Support Questions
Find answers, ask questions, and share your expertise
Announcements
Check out our newest addition to the community, the Cloudera Innovation Accelerator group hub.

Atlas falling behind the Kafka workload

Contributor

We are having a problem with lagging and falling behind the messages in the ATLAS_HOOK Kafka topic. And I can understand that, as we ingest a large number of tables every day to the cluster. Basically, we are creating roughly 165000 entries in the ATLAS_HOOK topic every day. Primarily from sqoop and create/drop tables in Hive. Problem is that Atlas only process around 35-40000 entries per day, so it kind of builds up.

Many of the tables we import are quite wide, so it’s pretty common that the messages in the Kafka topic are between 600-800Kb each.

I have verified that I can consume the messages in the topic from a normal Kafka client, so it’s not a problem with Kafka.I have also cleared the two HBase tables and cleared the Kafka topic just to start over from the beginning., but the problem remains.

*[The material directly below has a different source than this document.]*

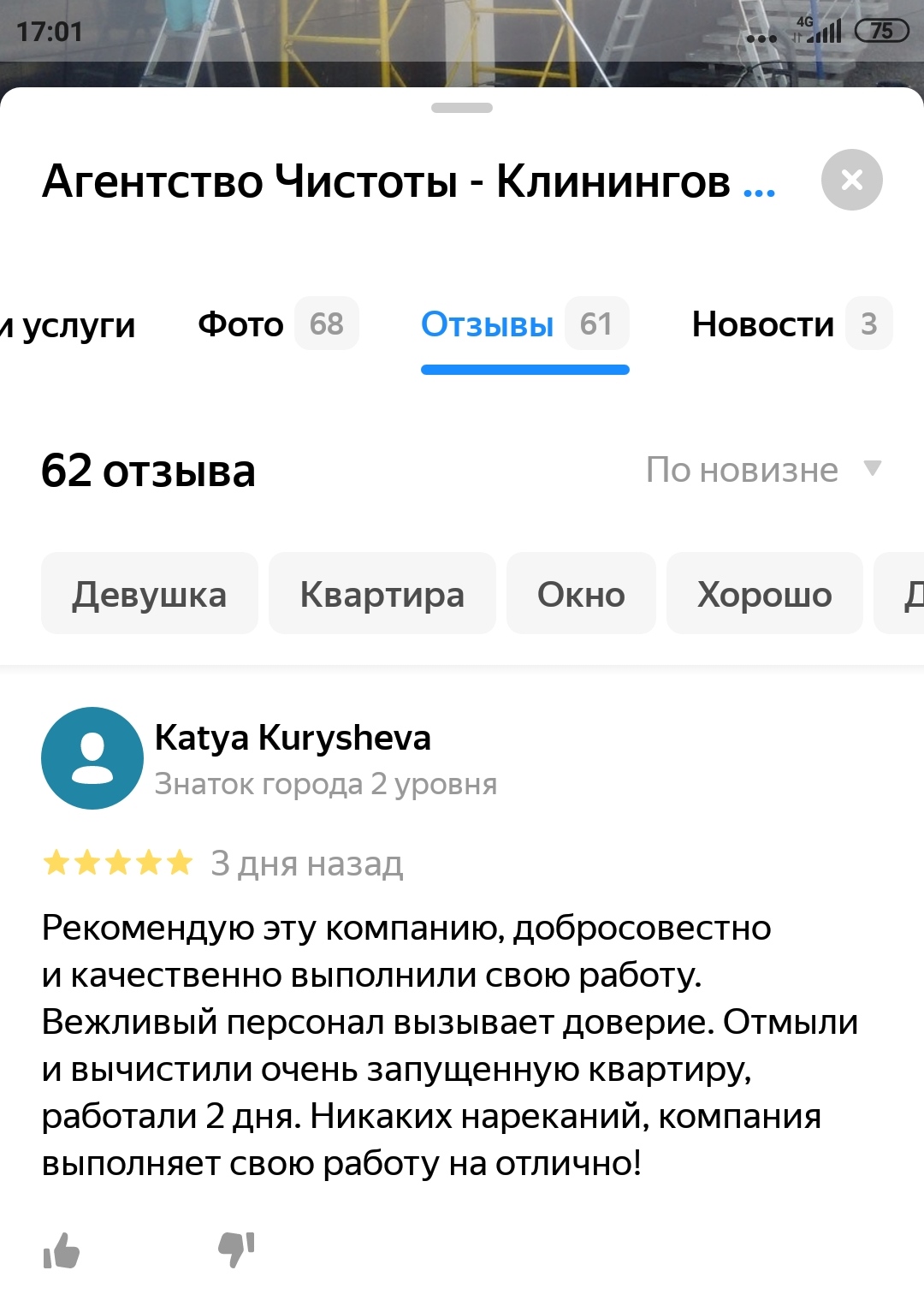 Вежливый персонал вызывает доверие. Отмыли и вычистили очень запущенную квартиру, работали 2 дня. Никаких нареканий, компания выполняет свою работу на отлично!

I would like to get some help with what kind of performance tuning I can do to make sure that Atlas can consume at least 200.000 entries from the ATLAS_HOOK topic per day (we are planning to add a lot more datasources over the next couple of month). What options do I have to make this happen?

The HDP version we are running is 2.6.3

//Berry

2 REPLIES 2

Expert Contributor

Can you please try setting this in atlas-application.properties (via Ambari):

atlas.use.index.query.to.find.entity.by.unique.attributes=true

This has shown significant improvement in one of the environments. I would suggest trying this in pre-production environment first and verifying the results before updating production.

Contributor

Thanks for the suggestions, but that actually made the processing a lot slower. I have the performance monitoring enabled, so I can see that the ENTITY_FULL_UPDATE takes between 7 and 8 seconds each. With the suggested parameter set, they where running for over 30 seconds each.

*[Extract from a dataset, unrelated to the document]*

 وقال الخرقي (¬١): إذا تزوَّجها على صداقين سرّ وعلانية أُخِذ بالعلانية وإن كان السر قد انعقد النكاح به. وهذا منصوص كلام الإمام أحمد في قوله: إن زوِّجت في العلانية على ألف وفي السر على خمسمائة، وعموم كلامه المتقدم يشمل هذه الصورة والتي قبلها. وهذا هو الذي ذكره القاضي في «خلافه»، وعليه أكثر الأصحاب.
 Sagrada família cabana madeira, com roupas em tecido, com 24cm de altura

After debugging what is happening during the ingestion of data in Atlas, I seems to think that the calls to HBase is the once that takes time. After a very short look in HBase, I see that the atlas_titan table is running with just one region. After a check in the documentation, I can see that the atlas.graph.storage.hbase.region-count or the atlas.graph.storage.hbase.regions-per-server would change the number of regions on the table during creation. So I tried setting those, drop the HBase table and start everything again. But the HBase table is still created with just one region. Anybody have any info on how to create the initial atlas_titan HBase table with more than one region?